Segment Start: EXCERPTED DATA
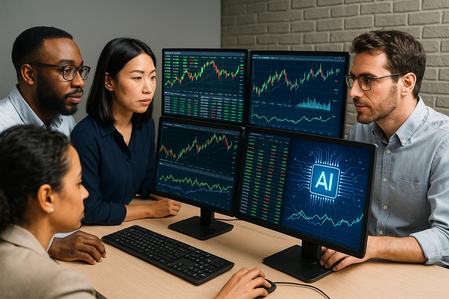 Cette image montre l'utilisation de l'IA dans l'analyse financière; idéale pour sites web, blogs et réseaux sociaux. Convient pour le contenu à thème financier.
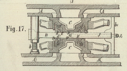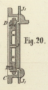 17 und 18 im Schnitt zu entnehmen ist, sind die Kappen D innen und außen von conischer Form und zwar lediglich zu dem Zweck, um
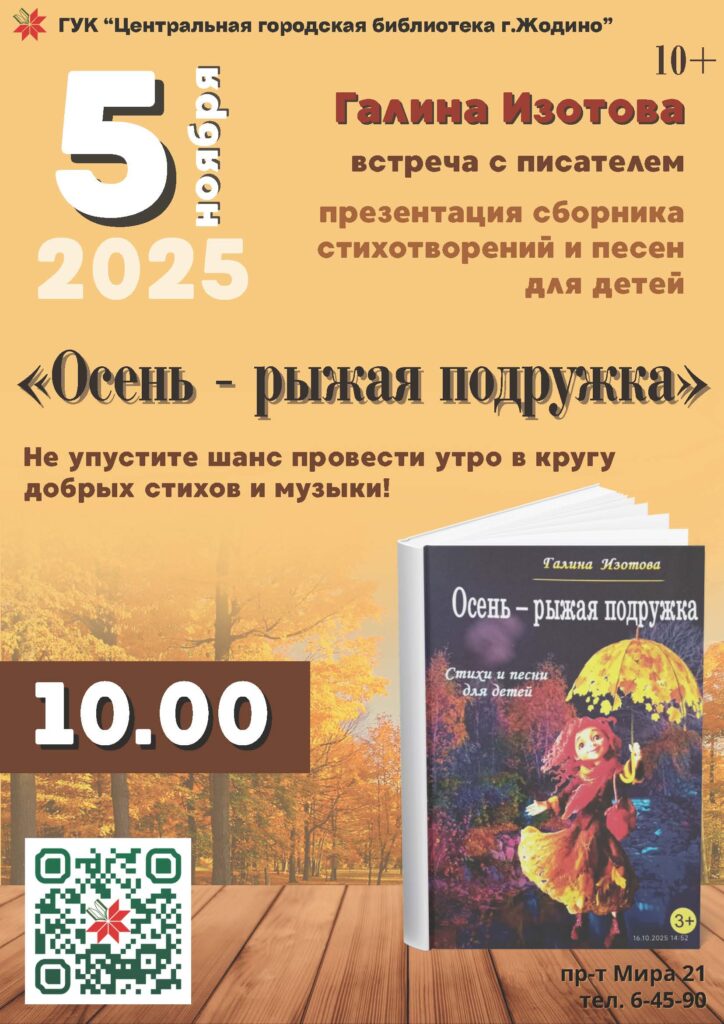 Приглашаем на встречу с писателем Галиной Изотовой, которая состоится 5 ноября в 10:00.
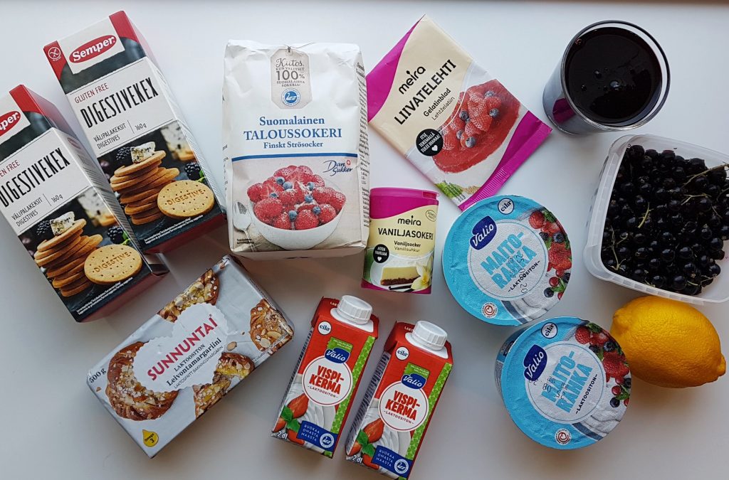Tähän mustaherukkakakkuun käytin täytteeksi maitorahkaa ja kermaa. Mustaherukat kiehautin pienessä vesimäärässä ja painelin massan siivilän läpi kastikkeeksi. Kastiketta olisi hyvä olla 2 dl. Jos määrä jää vajaaksi, lisää joukkoon mustaherukan mehua. Voit myös soseuttaa mustaherukat monitoimikoneessa ja lisätä soseen kuorineen, saat vahvemman aromin kakkuun. Tällöin sokerin määrää voi vähän lisätä. Kiille kakun päälle kannattaa tehdä liivatteesta, onnistuu parhaiten.
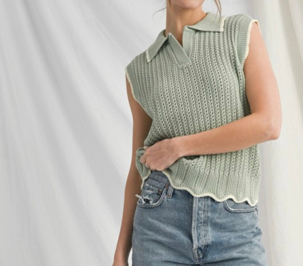 Collared Scallop Hem Sleeveless Sweater
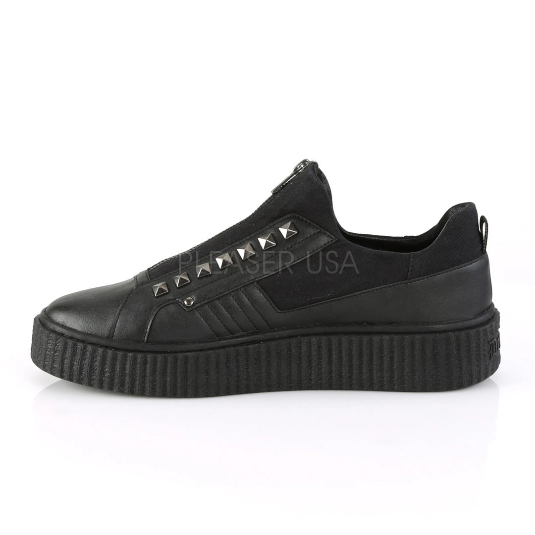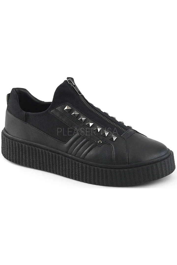 1 1/2″ (38mm) Platform Rubber Sole Low Top Round Toe Zip Front Creeper Sneaker Featuring Pyramid Stud Details Up the Front.
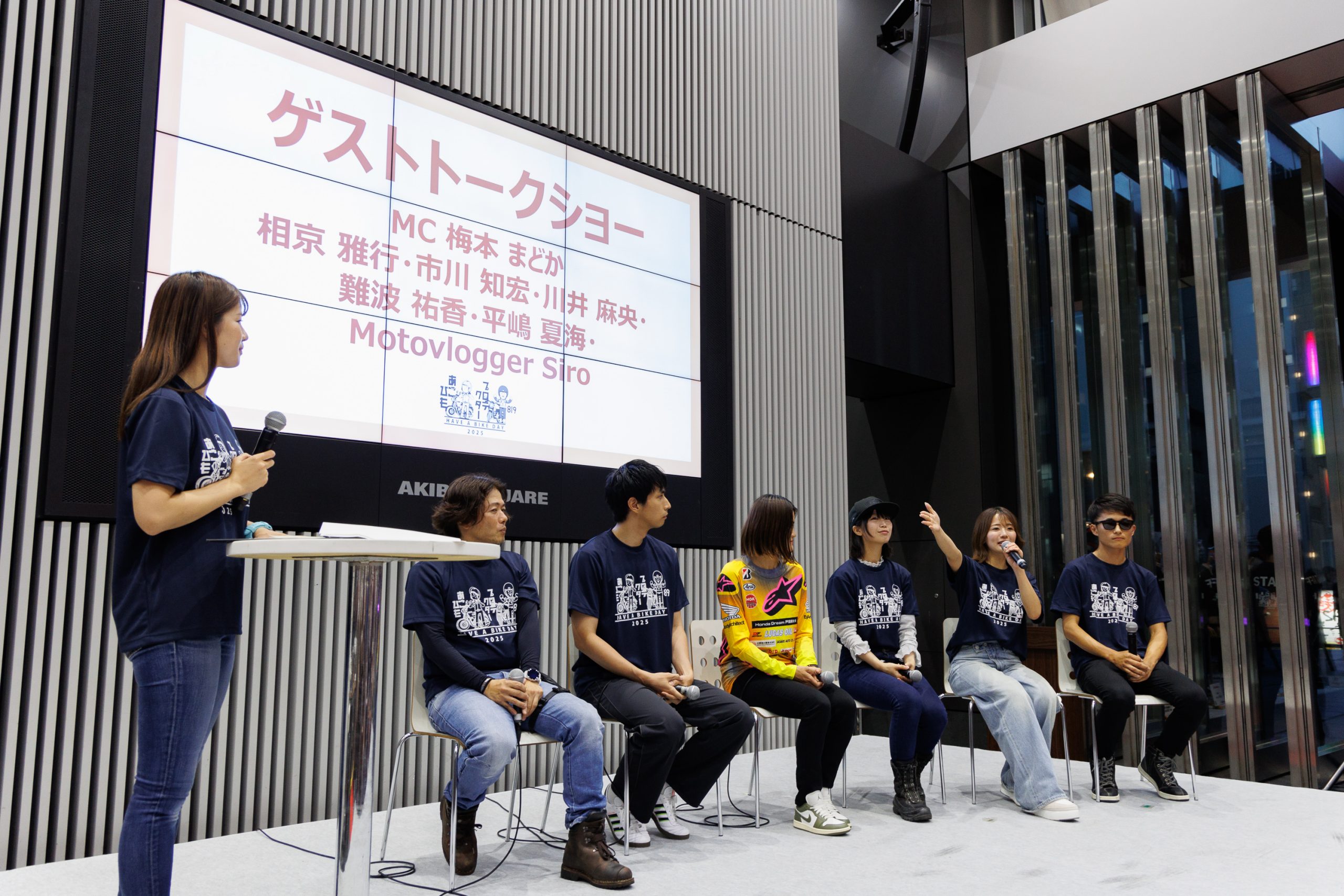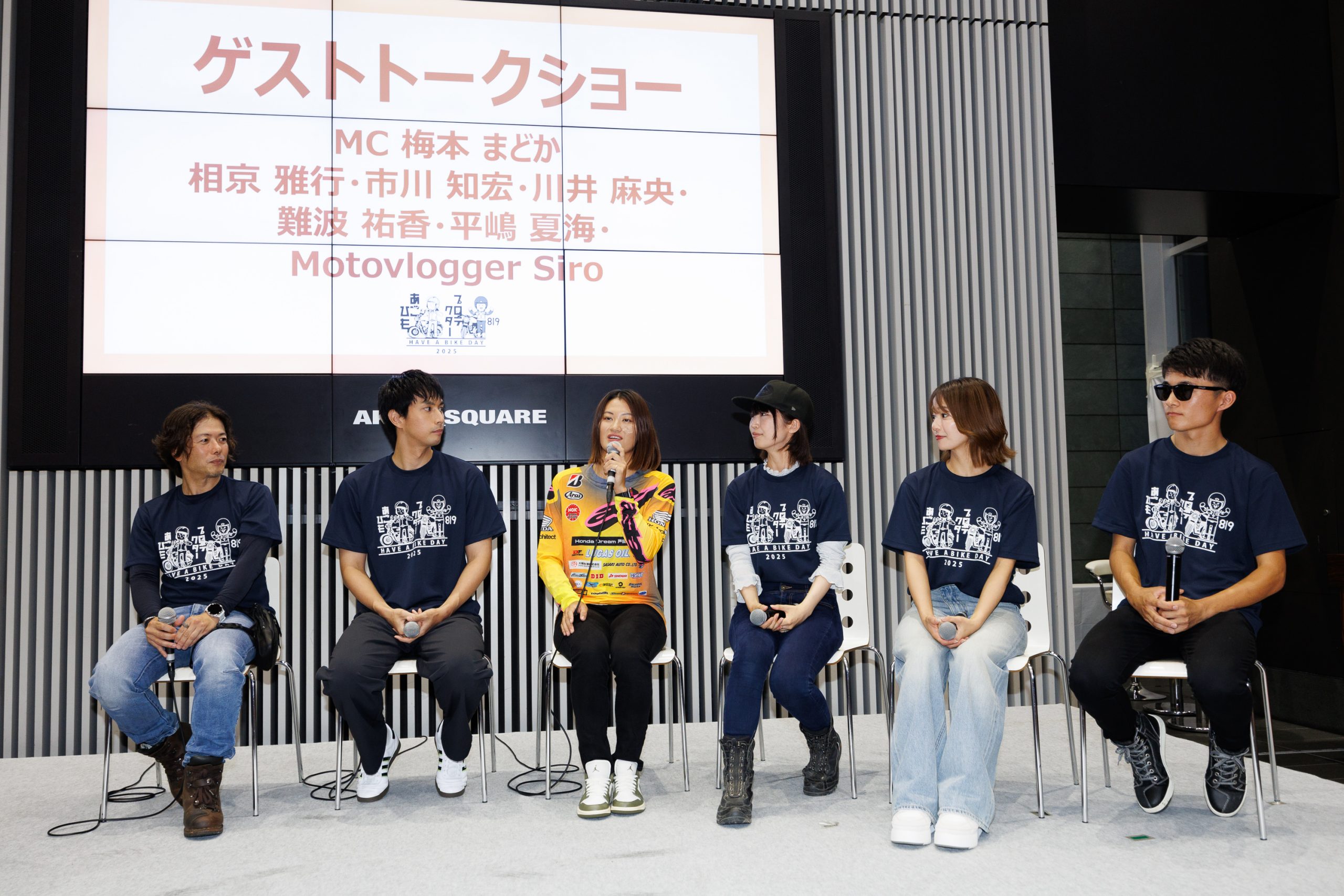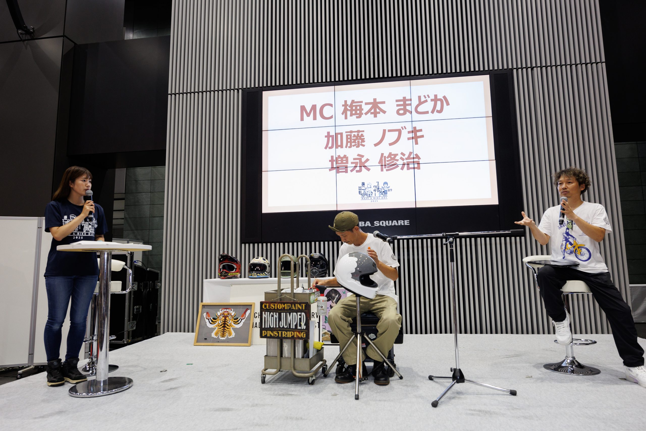 ステージでは安全啓発のイベントはもちろん、女性レーシングライダーやバイクタレントなどによるライダーのファッションをテーマにしたトークショー、クリエイター、ペインターによるヘルメットのカスタムペイントの実演、バイクに所縁のあるアーティストによる音楽ライブなど、様々な角度からバイク文化を訴求。さらに昨年に引き続き電動トライアルバイクによる華麗なトライアルデモもギャラリーの目前で披露され、バイクファンや潜在ユーザーはもちろん、道行く親子連れや外国人観光客、さらには今回初めて夜20時までの開催となったことで、仕事帰りのビジネスパーソンが多く訪れるなど約2400人の来場者にバイクの魅力を体験いただきました。
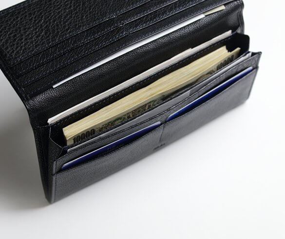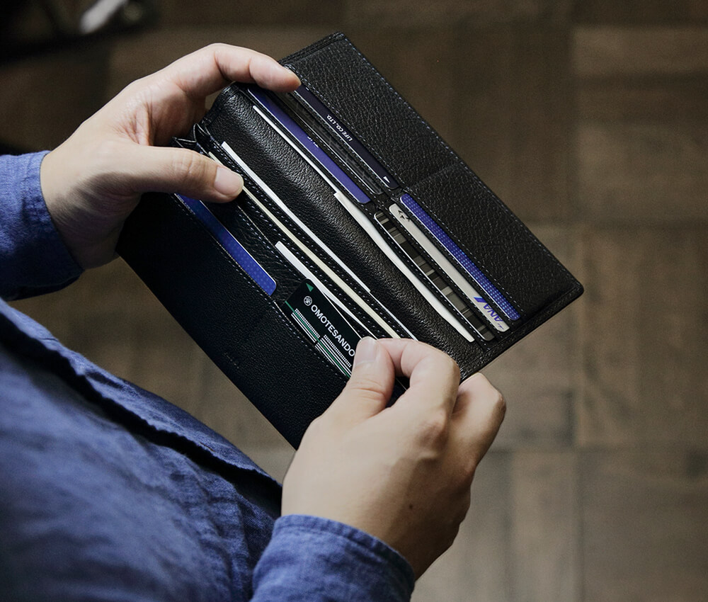 この風琴マチの凄いところは見た目以上に収納力があるところだ。たとえば札入れとフリーポケットは合計すると4つあり、紙幣ごとに収納箇所を分けることが可能なほどだ。更にカード段も8カ所あるので必要なカードは大抵収納可能だ。また、フリーポケットは使い方次第で如何様にも応用が利く。但し、全てのポケットにたっぷりと収納してしまうと長財布がボテッとした見た目になってしまうので、格好よさが際立つスリムな状態にして持つことをお勧めしたい。
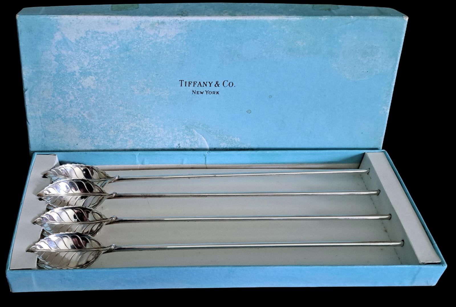 4 Tiffany & Co Silver Mint Julip Cocktail Stirrers Straws
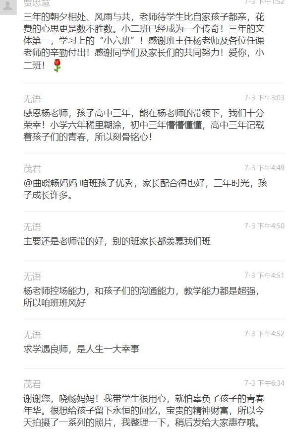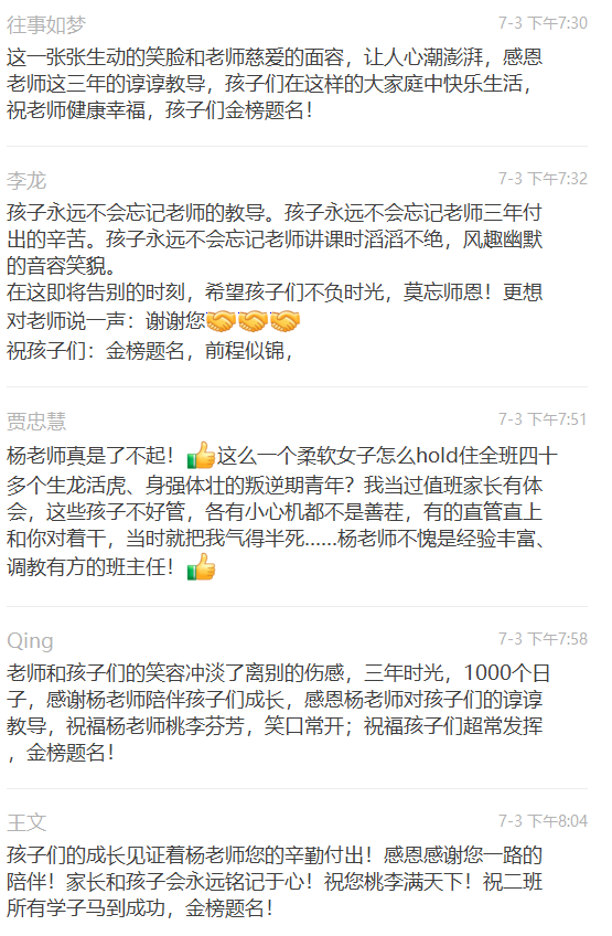 是良师,更是益友,学生和家长的评价忠实地记录了杨老师的付出与收获。一届又一届的学生,一届又一届的家长。在毕业之际,有家长曾满怀敬意地说“此时杨老师是个幸福的人,见证和影响了这么多孩子的成长,您给予的爱和关怀体现在孩子们在分别时刻的笑容上,感谢您一路上的付出和努力!”;也有家长表示“孩子永远不会忘记老师的教导。孩子永远不会忘记老师三年付出的辛苦。孩子永远不会忘记老师讲课时滔滔不绝,风趣幽默的音容笑貌”……
Segment End: EXCERPTED DATA
▶ _YOUR TASK_:
Your answer must be exactly the lines from the one with "この風琴マチの凄いところは見" through the last line of the entries, both included, with no pictures; please add nothing else.

▶ _SOLUTION FOR THIS EXERCISE_:
 この風琴マチの凄いところは見た目以上に収納力があるところだ。たとえば札入れとフリーポケットは合計すると4つあり、紙幣ごとに収納箇所を分けることが可能なほどだ。更にカード段も8カ所あるので必要なカードは大抵収納可能だ。また、フリーポケットは使い方次第で如何様にも応用が利く。但し、全てのポケットにたっぷりと収納してしまうと長財布がボテッとした見た目になってしまうので、格好よさが際立つスリムな状態にして持つことをお勧めしたい。
 4 Tiffany & Co Silver Mint Julip Cocktail Stirrers Straws
 是良师,更是益友,学生和家长的评价忠实地记录了杨老师的付出与收获。一届又一届的学生,一届又一届的家长。在毕业之际,有家长曾满怀敬意地说“此时杨老师是个幸福的人,见证和影响了这么多孩子的成长,您给予的爱和关怀体现在孩子们在分别时刻的笑容上,感谢您一路上的付出和努力!”;也有家长表示“孩子永远不会忘记老师的教导。孩子永远不会忘记老师三年付出的辛苦。孩子永远不会忘记老师讲课时滔滔不绝,风趣幽默的音容笑貌”……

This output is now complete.